Today’s balloon was red, a BIG! RED! BALLOON! And I think the only reason she asked for it was because it was hovering over her head at checkout, like, HELLO YOUNG HUMAN, HAVE YOU HAD YOUR TANTRUM YET? She acted as if she had never before seen a balloon, and on the way out to the car she clutched the ribbon in her hand and skipped all the way to the door, if you could call that skipping. Leta is still working on the details of her gross motor skills, so it was more like she was puffing up her chest and slowly walking on her toes, as if she were trying to give the illusion of skipping. It looked exactly like Elmer Fudd trying to sneak up on Bugs Bunny.
Once we had pulled out of the parking lot, though, her euphoria quickly dissolved into anguish because she couldn’t get the balloon to sit next to her on the back seat. Every time she pulled it close to her, she’d let it go and it’d float right back to the ceiling of the truck. Because, I don’t know, IT’S A BALLOON. When God made balloons, he made them float. They teach this in high school chemistry.
So there continued to be much disapproval of this SCIENTIFIC PROPERTY in the back seat, and how do you tell a three-year-old, look, dude, there’s this thing called helium, and it’s lighter than air, so guess what? BALLOON. You can’t make a balloon exhibit not-balloon behavior unless you pop it, and there’s no way I’m into that scenario when you’re obviously feeling so vulnerable. Although I’m sure your father’s curiosity about your reaction to a balloon popping far outweighs his concern for possible trauma. But he’s a father, so that’s not surprising.
We tried to explain it to her in every way we could think of, but she wasn’t having it, so we endured the hysterics until we got home and could distract her with other things. Like porn. And she quickly forgot about the balloon, all the way up until bedtime when I had the bright idea of comparing the BIG! RED! BALLOON! to the dog, Walter, in the bedtime story. It seemed like the perfect opportunity to make things click in her head, because Walter suffers from chronic gas, so chronic that it makes him float. In the air. As gas can sometimes do. Happens to me all the time.
Jon showed major signs of being uncomfortable with this comparison, and I still don’t understand why. Yes, intestinal gas and helium are not very much alike, but sometimes you have to bend the rules of science in your favor. Have you seen what the Pussy Cat Dolls wear? THEY DO IT ALL THE TIME.

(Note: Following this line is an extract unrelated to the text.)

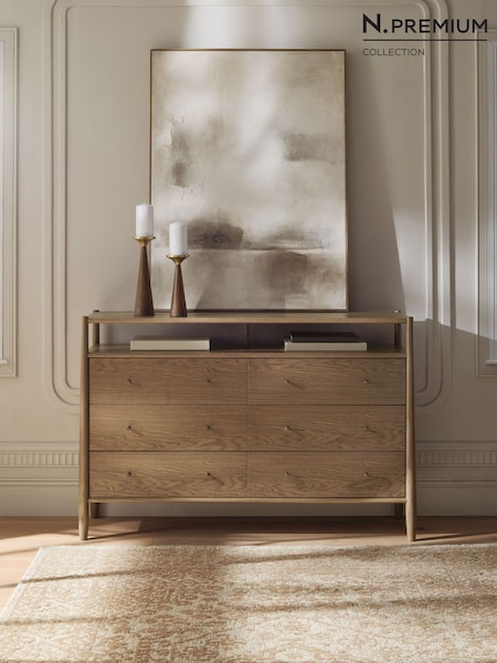 Mid Natural Farndon N. Premium Oak Veneer 6 Drawer Chest of Drawers
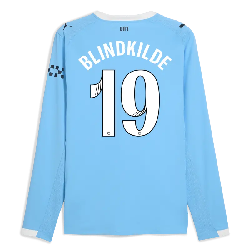 Manchester City Home Authentic Jersey 2025/26 Long Sleeve With BLINDKILDE 19 Printing

If the dog is floating because of some gas on the periodic table, that’s close enough for me. But like his mini-me hours before, Jon was having none of it, didn’t want to confuse his child further, and as he tucked her under the covers he said, “The only lesson we learned tonight, Leta, is to fart when you feel like you need to, okay?” And after shooting me a mencing look over her toddlerbed, he leaned down, pulled back her hair and whispered, “Otherwise? You’ll go floating through the air.”